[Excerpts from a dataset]
== == ==
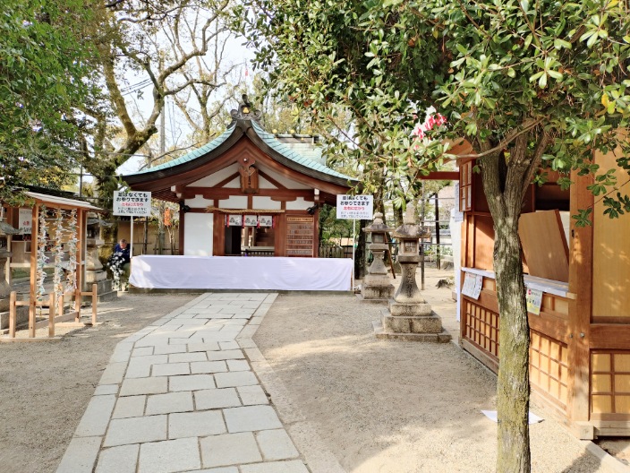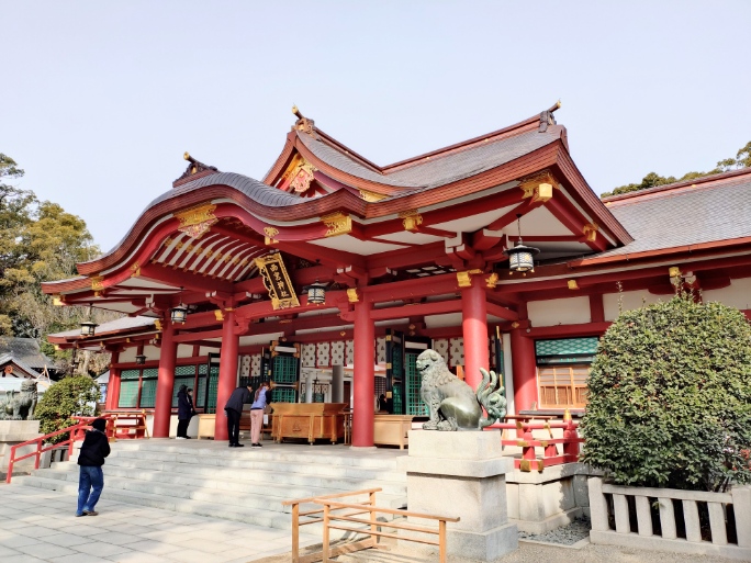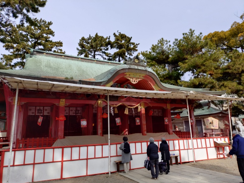 拝殿に到着。鮮やかで大好きな拝殿です。本殿の方を見てみると神事の最中の様です。心地よい祝詞を聴かせてもらいました。後で調べたら、十日戎報賽祭が行われていた様です。貴重な場面に立ち会えました。🙏
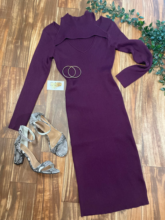 Plum Ribbed MIDI Dress
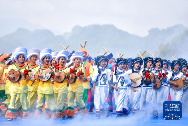 9月16日,演员在2023国际山地旅游暨户外运动大会开幕式上表演。新华社发(刘朝富 摄)
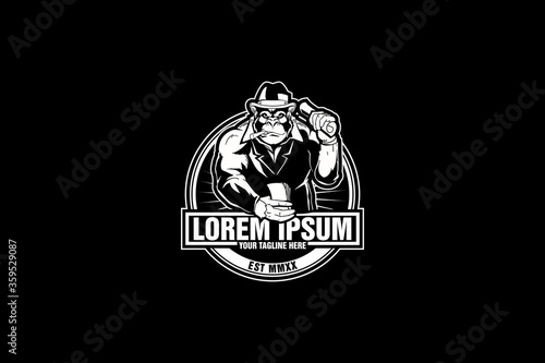 Angry Gorilla with fedora hat and suit cartoon character logo
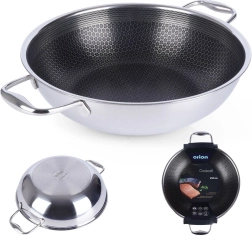 Prémiový nerezový wok COOKCELL s priemerom 28 cm s hybridnou nepriľnavou povrchovou úpravou na rýchle a rovnomerné vyprážanie. Odolá vysokým teplotám, je úsporný na energiu, vhodný na indukciu aj do rúry do 260 °C a zvládne aj umývačku riadu. Ideálny na ázijské stir‑fry, mäso aj zeleninu.
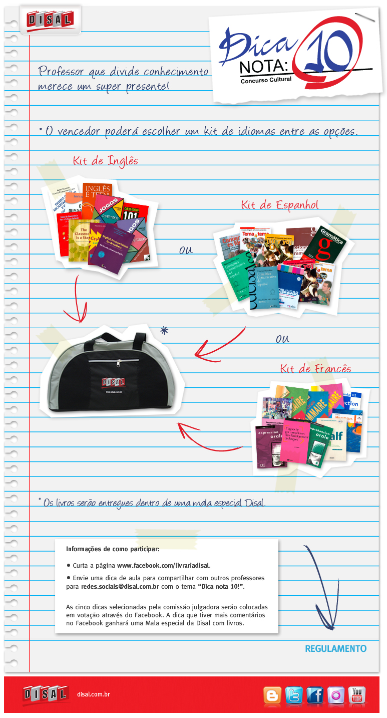 5. Para participar do concurso o participante deverá acessar a página na internet www.facebook.com/livrariadisal e selecionar a opção “curtir”. Em seguida envie um e-mail para redes.sociais@disal.com.br com uma dica de aula para outros professores. O texto deve conter no máximo 600 caracteres. As cinco dicas mais criativas serão escolhidas e em seguida postadas no facebook. A dica que tiver o maior número de comentários, sendo que só será contabilizado 1 (um) comentário por usuário, será a vencedora e ganhará uma Mala de Livros de Idioma, podendo escolher entre Inglês, Espanhol ou Francês.
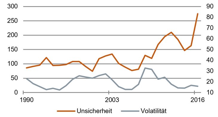 Seit 2010 hat sich das geändert. Die Unsicherheit stieg drastisch an, zuerst wegen der Eurokrise, dann wegen des Brexit-Referendums und der Wahl von Donald Trump. Gleichzeitig ging die Volatilität der Märkte aber zurück. Die Aktienkurse haussierten.
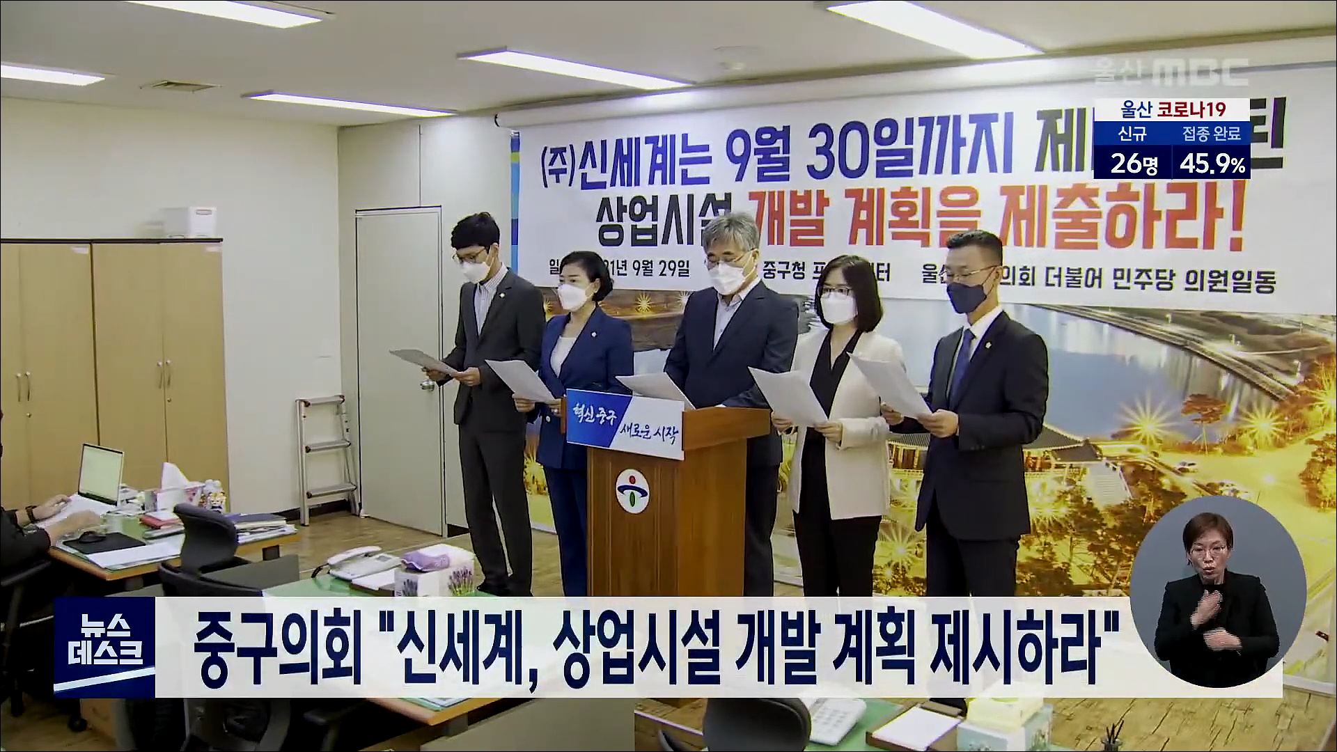 중구가 신세계에 내일(9/30)까지 새로운 혁신도시 부지개발 계획안 제시를 요구한 가운데 오늘(9/29) 중구의회 민주당 의원들이 중구청 프레스센터에서 기자회견을 열고 신세계에 상업시설 개발계획안 제시를 촉구했습니다. 이들은 상업시설이 아닌 주거형 오피스텔을 건설하는 것은 대기업이 지역개발을 빌미로 사익만을 ...
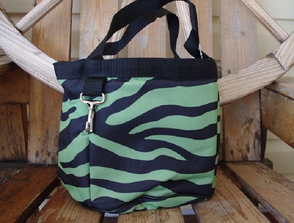 GROOMING CADDY.perfect size for all your finishing show products/2 handles/Compartment to organize bottles and brushes/Green and black zebra print
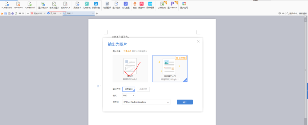 找到”特色应用”中的“输出为图片”,点击“带水印”,输出,则文字转化为图片形式。
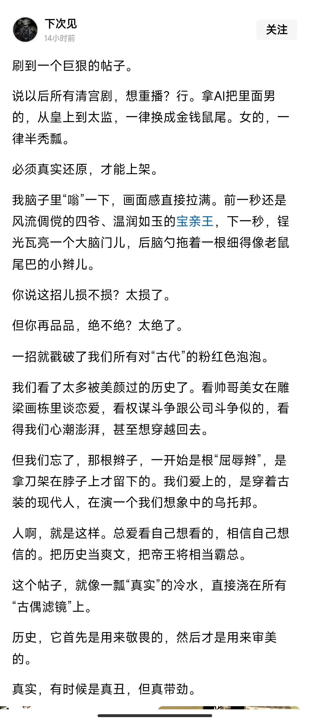 完全同意这位网友的观点,既然是重现历史,那就应该最大程度的还原历史,给历史以本来的真实面目! 现在看的那些清宫剧里面的人物形象与当时真正的人物形象差之甚远!虽然说艺术来源于生活,可以适当高于生活,但是高得过于离谱,高得完全不着边际,完全不着调,那就不是真正的艺术了! 所以这位网友提出的以后这类剧如果要通过审查,剧中人物的外在形象,必须与当时人们的外在形象大体相似或者相近,不能差得太远,否则的话一律不许公映! 至于当时人们的真正外在形象是什么样的,大家可以参考下面的这些图片,做到心中有数,以后再看到那些人物形象差得离谱的影视剧,直接换频道,或者直接走人。
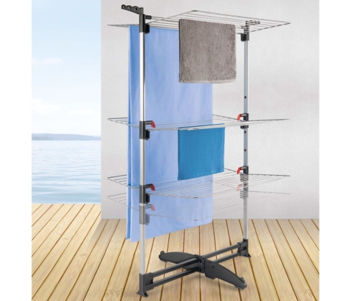 Veļas žāvētājam ir 6 pagarinājumi palagu, aizkaru un lielu dvieļu žāvēšanai. Tam ir arī daļēji regulējams augstums. Žāvēšanas plauktu var izmantot daļēji vai pilnībā atvērtu. Atverot pagarinājumus tikai vienā pusē, plaukts ietilps nelielās telpās, piemēram, vannasistabā vai ģērbtuvē. Žāvēšanas statīvā ir 2 pakaramo turētāji ar vietu 6 drēbju pakaramajiem.
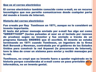 El correo electrónico fue creado por Ray Tomlinson en 1971 para permitir la comunicación a través de la red ARPANET. Tomlinson incorporó el uso de la arroba para dividir la parte del usuario de la dirección de correo electrónico. El correo electrónico ahora es un estándar global para la comunicación que ofrece ventajas como rapidez, bajo costo y capacidad de enviar mensajes a múltiples destinatarios de forma simultánea.
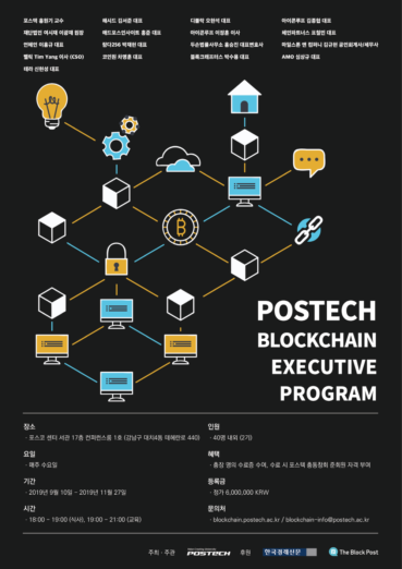 포항공과대학교 정보통신대학원이 8월 23일까지 포스텍 블록체인 최고경영자 과정 2기를 모집한다.
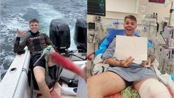 Ele também contou que assim que chegou à superfície da água foi ajudado por amigos para subir de volta para o barco. “Conseguimos fazer um torniquete improvisado com uma camiseta, uma faixa de arpão e uma faca de filé”, disse Chance.
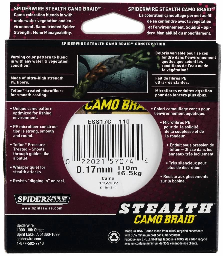 De Spiderwire Stealth Camo gevlochten lijn is onder druk gecoat met Teflon en samen met de Colour lock technology, blijft de lijn zijn camouflerende kleur behouden!Â
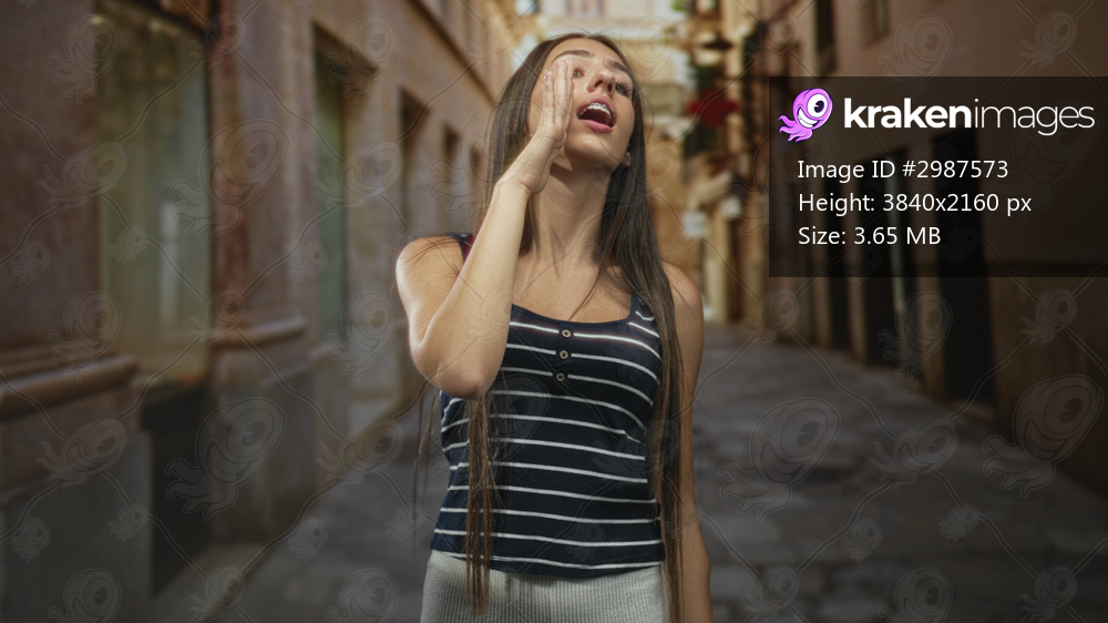 Young woman in striped tank top with long hair raising hand and rolling eyes in narrow cobblestone street; annoyance.
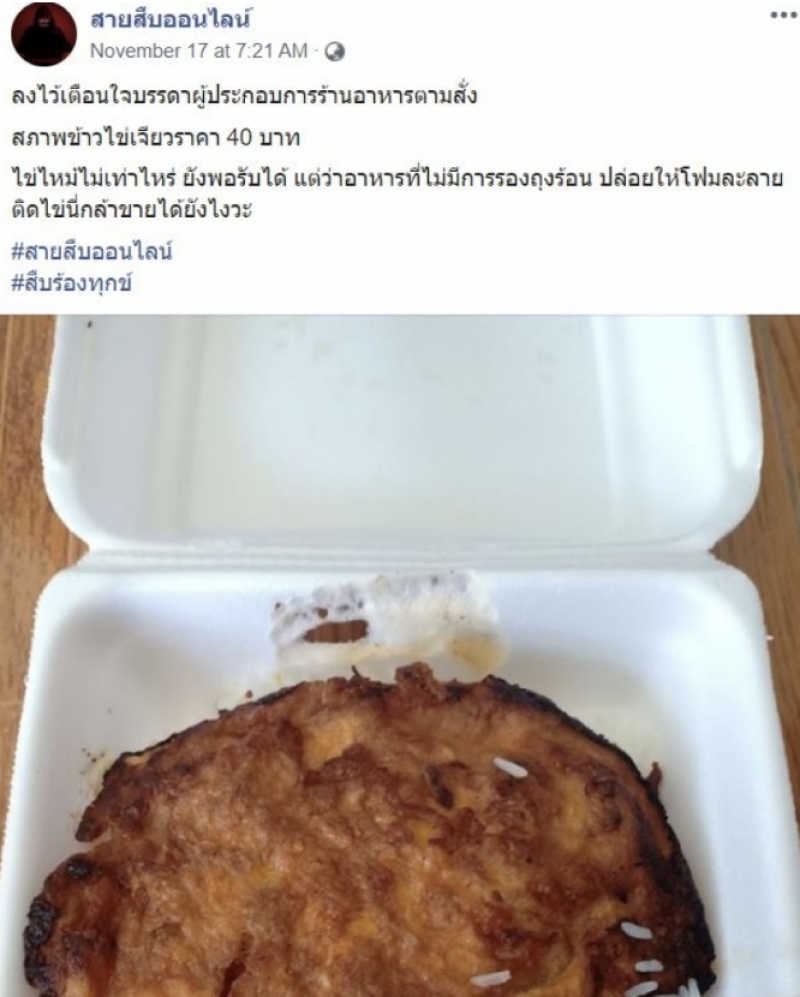 เป็นอีกหนึ่งเรื่องราวที่ดซเชียลเข้ามาแสดงความคิดเห็น และเข้ามาวิพากษ์วิจารณ์กันเป้นจำนวนมาก หลังมีผู้ใช้เฟสบุ๊คชื่อ สายสืบออนไลน์ ได้มีการโพสต์เตือนใจบรรดาผู้ประกอบการร้านอาหารตามสั่งทั้งหมาย ซึ่งเป็นภาพของข้าวไข่เจียวราคา 40 บาท ไข่ไหม้ไม่เท่าไหร่ ยังพอรับได้ แต่ว่าใส่อาหารโดยไม่รองด้วยถุงร้อน ปล่อยให้โฟมละลายติด ไข่ นี่กล้าขายได้ยังไง หลังเรื่องราวถูกเผยแพร่ออกไป โซเชียลเข้ามาแสดงความเห็นต่างๆนาๆ นอกจากโฟมจะทำลายสิ่งแวดล้อมแล้ว ไข่เจียวยังไหม้อีก แถมความร้อนระอุจนทำให้โฟมละลายอีกด้วย
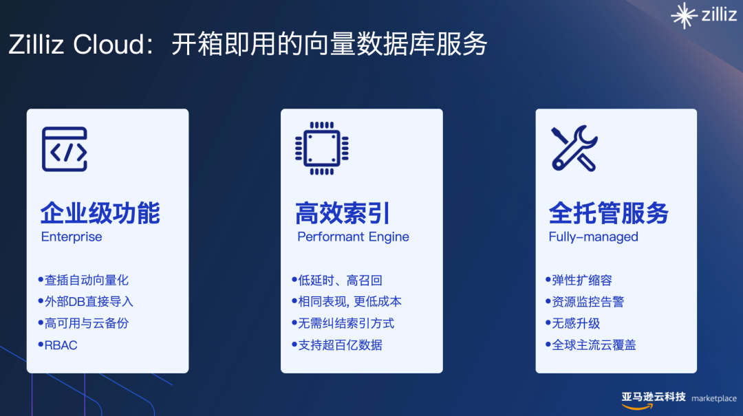 相比开源产品,Zilliz Cloud具备三大特性:全托管服务、高效索引、企业级功能。
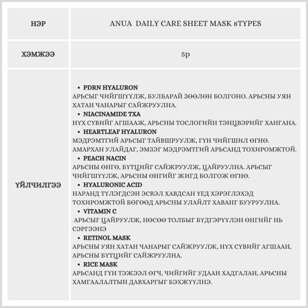 Энэхүү бүтээгдэхүүн нь 8 төрөлтэй бөгөөд арьсныхаа төрлөөс хамааран тохируулж сонгон хэрэглэх боломжтой. 1 ширхэг маск бэлгэнд дагалдана.
== == ==
* TASK TO COMPLETE *
Your reply should consist only of the lines running from the line with "ซึ่งเป็นภาพของข้าวไข่เจียวราคา 40 บาท" to the end of the entries, both included, copied exactly and without any pictures.

* ANSWER BELOW *
 เป็นอีกหนึ่งเรื่องราวที่ดซเชียลเข้ามาแสดงความคิดเห็น และเข้ามาวิพากษ์วิจารณ์กันเป้นจำนวนมาก หลังมีผู้ใช้เฟสบุ๊คชื่อ สายสืบออนไลน์ ได้มีการโพสต์เตือนใจบรรดาผู้ประกอบการร้านอาหารตามสั่งทั้งหมาย ซึ่งเป็นภาพของข้าวไข่เจียวราคา 40 บาท ไข่ไหม้ไม่เท่าไหร่ ยังพอรับได้ แต่ว่าใส่อาหารโดยไม่รองด้วยถุงร้อน ปล่อยให้โฟมละลายติด ไข่ นี่กล้าขายได้ยังไง หลังเรื่องราวถูกเผยแพร่ออกไป โซเชียลเข้ามาแสดงความเห็นต่างๆนาๆ นอกจากโฟมจะทำลายสิ่งแวดล้อมแล้ว ไข่เจียวยังไหม้อีก แถมความร้อนระอุจนทำให้โฟมละลายอีกด้วย
 相比开源产品,Zilliz Cloud具备三大特性:全托管服务、高效索引、企业级功能。
 Энэхүү бүтээгдэхүүн нь 8 төрөлтэй бөгөөд арьсныхаа төрлөөс хамааран тохируулж сонгон хэрэглэх боломжтой. 1 ширхэг маск бэлгэнд дагалдана.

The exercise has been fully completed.